3. I took a nap when she napped. Simple as that. I didn’t scurry around the house with a to-do list a mile long. I restrained myself and rested. I lay down next to that sweet smelling girl and closed my eyes and just let go. I let the long-standing notion of “This is my chance to do everything” just fall off my back. And guess what? The world kept spinning, just like people said it would. All of the to-dos were still there when I woke up, yet I didn’t feel behind or guilty. I felt recharged, not burdened. It just didn’t matter. It would all get done. I had no self-imposed deadlines anymore. Awesome.
4. The days I had her flew by, and I was shocked by this. I was shocked at how lackadaisical and casual I was about our time. We sang, we laughed, we selfie-ed. We ate together, we watched TV together, and I even sat down on the floor for longer than five minutes and played with toys. Was it as simple as having a different attitude toward the day that allowed me to enjoy it and not resent it? An attitude formed by knowing how quickly childhood goes by? Or was it that I got the best of her?

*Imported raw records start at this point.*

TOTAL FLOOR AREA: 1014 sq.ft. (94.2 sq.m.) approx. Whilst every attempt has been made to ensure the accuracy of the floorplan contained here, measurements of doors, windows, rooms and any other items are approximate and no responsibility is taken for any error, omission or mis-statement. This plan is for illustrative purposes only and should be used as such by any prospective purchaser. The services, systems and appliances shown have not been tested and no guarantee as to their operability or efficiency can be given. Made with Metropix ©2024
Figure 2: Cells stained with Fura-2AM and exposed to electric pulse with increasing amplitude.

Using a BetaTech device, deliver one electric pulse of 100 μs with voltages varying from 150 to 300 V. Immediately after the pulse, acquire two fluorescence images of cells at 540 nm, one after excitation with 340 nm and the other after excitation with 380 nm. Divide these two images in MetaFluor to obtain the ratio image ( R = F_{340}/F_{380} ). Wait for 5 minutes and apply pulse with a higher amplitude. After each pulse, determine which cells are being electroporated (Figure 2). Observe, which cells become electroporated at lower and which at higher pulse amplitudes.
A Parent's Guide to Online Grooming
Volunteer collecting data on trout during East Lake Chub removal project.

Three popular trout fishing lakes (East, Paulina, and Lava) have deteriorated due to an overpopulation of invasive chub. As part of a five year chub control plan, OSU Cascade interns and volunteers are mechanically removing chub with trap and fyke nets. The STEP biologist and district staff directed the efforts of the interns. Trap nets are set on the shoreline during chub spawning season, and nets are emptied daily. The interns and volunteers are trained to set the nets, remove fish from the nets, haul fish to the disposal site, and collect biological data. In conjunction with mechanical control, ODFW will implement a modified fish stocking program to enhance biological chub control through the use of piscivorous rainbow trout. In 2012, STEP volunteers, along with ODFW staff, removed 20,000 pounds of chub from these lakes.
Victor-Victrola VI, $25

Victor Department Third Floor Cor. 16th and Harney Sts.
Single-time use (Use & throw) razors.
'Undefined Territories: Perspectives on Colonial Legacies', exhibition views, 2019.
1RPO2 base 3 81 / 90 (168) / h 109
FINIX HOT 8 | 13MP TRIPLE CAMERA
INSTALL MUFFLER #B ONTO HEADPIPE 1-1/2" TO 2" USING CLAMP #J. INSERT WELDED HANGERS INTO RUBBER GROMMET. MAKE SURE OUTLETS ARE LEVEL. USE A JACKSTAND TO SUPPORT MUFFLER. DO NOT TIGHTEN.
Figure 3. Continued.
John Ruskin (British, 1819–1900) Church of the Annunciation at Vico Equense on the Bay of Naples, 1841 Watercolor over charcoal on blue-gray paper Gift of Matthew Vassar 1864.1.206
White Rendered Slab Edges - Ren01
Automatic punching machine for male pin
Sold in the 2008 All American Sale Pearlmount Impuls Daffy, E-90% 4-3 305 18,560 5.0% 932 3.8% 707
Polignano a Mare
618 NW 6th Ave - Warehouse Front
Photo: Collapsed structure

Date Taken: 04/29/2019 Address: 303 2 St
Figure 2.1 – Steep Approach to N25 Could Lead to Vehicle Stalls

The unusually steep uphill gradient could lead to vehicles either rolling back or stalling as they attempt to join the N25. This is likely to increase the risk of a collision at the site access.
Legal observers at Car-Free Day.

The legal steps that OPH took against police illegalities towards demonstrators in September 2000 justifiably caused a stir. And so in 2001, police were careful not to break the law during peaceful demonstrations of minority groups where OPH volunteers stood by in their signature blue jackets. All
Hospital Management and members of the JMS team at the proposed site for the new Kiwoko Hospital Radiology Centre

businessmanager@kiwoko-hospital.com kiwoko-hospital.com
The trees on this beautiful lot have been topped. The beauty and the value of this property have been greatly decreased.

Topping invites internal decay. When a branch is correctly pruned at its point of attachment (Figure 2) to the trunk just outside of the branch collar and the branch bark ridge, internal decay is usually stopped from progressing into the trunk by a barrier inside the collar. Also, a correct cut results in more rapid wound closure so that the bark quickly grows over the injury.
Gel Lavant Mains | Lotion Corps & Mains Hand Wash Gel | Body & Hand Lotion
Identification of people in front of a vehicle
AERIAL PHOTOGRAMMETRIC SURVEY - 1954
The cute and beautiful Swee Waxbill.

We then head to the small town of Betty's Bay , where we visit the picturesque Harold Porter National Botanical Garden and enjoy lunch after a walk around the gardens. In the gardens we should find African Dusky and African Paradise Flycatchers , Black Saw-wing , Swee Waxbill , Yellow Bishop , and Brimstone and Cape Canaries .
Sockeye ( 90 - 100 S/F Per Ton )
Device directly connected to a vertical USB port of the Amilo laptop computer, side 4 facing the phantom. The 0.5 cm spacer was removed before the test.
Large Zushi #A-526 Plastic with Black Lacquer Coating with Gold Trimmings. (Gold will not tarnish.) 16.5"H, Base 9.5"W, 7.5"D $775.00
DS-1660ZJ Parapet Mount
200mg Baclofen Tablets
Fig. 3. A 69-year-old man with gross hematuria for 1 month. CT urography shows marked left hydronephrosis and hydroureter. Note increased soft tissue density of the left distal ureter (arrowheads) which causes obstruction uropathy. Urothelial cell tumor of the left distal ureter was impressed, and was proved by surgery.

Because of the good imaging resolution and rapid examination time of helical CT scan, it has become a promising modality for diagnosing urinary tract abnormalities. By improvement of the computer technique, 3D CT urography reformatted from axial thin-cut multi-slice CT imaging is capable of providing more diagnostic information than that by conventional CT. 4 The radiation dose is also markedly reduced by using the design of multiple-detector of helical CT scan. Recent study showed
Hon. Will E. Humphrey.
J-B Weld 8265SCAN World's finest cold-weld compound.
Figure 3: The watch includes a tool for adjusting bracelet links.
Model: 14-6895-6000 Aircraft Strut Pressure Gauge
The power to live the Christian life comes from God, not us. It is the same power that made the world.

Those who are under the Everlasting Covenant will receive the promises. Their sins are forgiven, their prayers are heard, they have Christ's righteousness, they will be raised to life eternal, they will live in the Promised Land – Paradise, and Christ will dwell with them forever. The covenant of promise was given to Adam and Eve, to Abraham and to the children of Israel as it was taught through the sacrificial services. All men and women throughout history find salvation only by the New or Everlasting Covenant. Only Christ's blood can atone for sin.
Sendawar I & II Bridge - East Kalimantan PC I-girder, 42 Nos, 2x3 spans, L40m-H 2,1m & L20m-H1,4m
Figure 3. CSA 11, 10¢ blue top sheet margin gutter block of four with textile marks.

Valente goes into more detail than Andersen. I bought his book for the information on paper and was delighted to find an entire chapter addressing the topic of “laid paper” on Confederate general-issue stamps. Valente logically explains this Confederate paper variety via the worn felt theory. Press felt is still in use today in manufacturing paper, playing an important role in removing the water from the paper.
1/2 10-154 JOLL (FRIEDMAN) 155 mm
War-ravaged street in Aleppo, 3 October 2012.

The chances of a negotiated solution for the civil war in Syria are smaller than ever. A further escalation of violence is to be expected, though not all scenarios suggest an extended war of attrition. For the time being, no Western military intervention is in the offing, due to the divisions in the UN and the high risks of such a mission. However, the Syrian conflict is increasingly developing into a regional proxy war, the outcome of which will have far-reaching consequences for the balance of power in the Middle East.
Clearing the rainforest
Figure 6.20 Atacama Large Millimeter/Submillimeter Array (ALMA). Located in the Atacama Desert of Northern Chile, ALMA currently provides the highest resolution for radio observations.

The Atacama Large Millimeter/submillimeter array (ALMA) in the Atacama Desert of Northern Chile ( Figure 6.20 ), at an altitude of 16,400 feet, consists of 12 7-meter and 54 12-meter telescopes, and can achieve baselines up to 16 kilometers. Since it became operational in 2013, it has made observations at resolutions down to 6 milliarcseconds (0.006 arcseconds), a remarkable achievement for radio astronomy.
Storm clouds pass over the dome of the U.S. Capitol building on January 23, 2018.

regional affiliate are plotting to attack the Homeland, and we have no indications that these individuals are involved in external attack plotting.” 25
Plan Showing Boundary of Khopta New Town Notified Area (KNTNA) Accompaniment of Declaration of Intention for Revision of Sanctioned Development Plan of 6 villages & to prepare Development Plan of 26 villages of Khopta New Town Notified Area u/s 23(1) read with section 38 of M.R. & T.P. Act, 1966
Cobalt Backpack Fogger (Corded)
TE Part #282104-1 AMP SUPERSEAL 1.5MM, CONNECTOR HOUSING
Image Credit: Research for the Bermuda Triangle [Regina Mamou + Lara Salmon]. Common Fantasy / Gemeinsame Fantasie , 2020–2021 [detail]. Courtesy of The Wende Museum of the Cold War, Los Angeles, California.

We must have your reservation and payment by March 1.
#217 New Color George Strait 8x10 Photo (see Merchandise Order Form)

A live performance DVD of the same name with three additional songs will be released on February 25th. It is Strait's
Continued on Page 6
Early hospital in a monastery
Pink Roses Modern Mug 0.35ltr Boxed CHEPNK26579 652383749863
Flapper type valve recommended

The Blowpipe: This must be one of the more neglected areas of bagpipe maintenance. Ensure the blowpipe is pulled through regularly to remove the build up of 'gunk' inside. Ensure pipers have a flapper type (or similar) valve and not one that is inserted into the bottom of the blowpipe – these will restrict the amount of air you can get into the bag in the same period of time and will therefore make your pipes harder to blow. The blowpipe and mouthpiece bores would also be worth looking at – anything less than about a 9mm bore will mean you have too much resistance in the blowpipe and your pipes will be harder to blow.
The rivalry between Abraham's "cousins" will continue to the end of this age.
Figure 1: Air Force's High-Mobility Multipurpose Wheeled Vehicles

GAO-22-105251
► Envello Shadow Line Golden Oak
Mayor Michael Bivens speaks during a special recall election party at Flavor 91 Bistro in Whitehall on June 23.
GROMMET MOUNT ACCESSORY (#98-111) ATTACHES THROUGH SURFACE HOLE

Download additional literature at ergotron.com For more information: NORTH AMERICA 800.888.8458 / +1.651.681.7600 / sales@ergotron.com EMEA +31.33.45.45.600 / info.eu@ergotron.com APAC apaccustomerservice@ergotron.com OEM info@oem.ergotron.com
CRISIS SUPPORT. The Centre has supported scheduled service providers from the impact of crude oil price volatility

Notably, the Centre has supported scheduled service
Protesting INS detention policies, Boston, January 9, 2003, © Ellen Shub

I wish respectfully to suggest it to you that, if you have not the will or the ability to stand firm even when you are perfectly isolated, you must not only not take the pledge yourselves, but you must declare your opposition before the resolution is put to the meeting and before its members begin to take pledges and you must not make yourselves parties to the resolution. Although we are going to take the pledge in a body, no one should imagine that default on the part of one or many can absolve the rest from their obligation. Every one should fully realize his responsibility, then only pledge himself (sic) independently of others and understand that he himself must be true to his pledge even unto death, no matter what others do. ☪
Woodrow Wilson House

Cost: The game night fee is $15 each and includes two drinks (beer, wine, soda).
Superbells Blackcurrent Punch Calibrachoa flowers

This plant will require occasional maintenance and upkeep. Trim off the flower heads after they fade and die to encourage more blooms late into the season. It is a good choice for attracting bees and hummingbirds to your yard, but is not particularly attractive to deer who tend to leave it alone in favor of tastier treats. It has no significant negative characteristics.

Perhaps to her I was new and exciting, and ultimately her good behavior (and mine) was a direct reflection of me being the yes mom. I know when my own mother has my sons, all I ever hear back from her are glowing reports of how great they are—how they didn’t fight, or nag or complain. How they were a breeze to take shopping or out to eat. I always wondered how on earth my kids could be so one way with me and so another way with their grandparent. I think I get it now. They are different because she is different. She has seen the even bigger picture, and she knows the fleetingness and speed of childhood. This makes her parent, and ultimately grandparent, much differently—more deeply in many ways and less deeply in others.
I am not there yet, in the mindset of grandparenting that is, not by a long shot, but I know I will get there. I know because when 6 p.m. rolled around, and it was time for my niece to go home, I was tired from the day, but not tired of her, or caretaking, or the heavy weight of the responsibility of mothering her. I felt filled with purpose, having been a relief to her own mother and having given the best of myself to a toddler. And that best only happened as a result of years of mothering my own boys. Ever notice among the hundreds of parenting books, there are literally no grandparenting books? It’s because they aren’t needed, because we will just know how to do it right by that point. I will be very ready to finally feel like I am doing it right. Won’t you?